- [Data under study]:
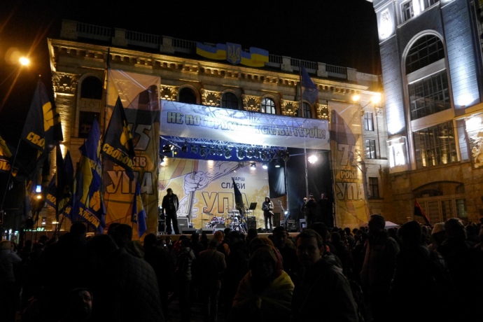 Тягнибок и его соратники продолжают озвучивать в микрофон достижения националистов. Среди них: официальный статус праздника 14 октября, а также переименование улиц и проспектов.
--
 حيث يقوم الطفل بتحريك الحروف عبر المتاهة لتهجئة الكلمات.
...
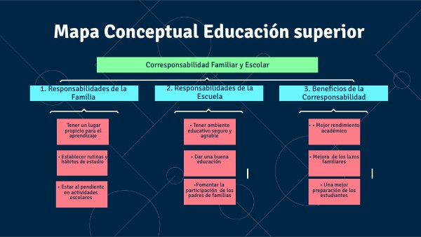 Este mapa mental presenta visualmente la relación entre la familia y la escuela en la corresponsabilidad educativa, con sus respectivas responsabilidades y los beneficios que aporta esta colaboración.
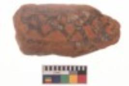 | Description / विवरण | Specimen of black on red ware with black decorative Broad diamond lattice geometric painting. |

- [Brief]:
Return exactly the stretch above whose first line contains "Este mapa mental" and whose last line contains "geometric painting. |", and nothing outside it. The pictures should not appear.

- [Written response]:
 Este mapa mental presenta visualmente la relación entre la familia y la escuela en la corresponsabilidad educativa, con sus respectivas responsabilidades y los beneficios que aporta esta colaboración.
 | Description / विवरण | Specimen of black on red ware with black decorative Broad diamond lattice geometric painting. |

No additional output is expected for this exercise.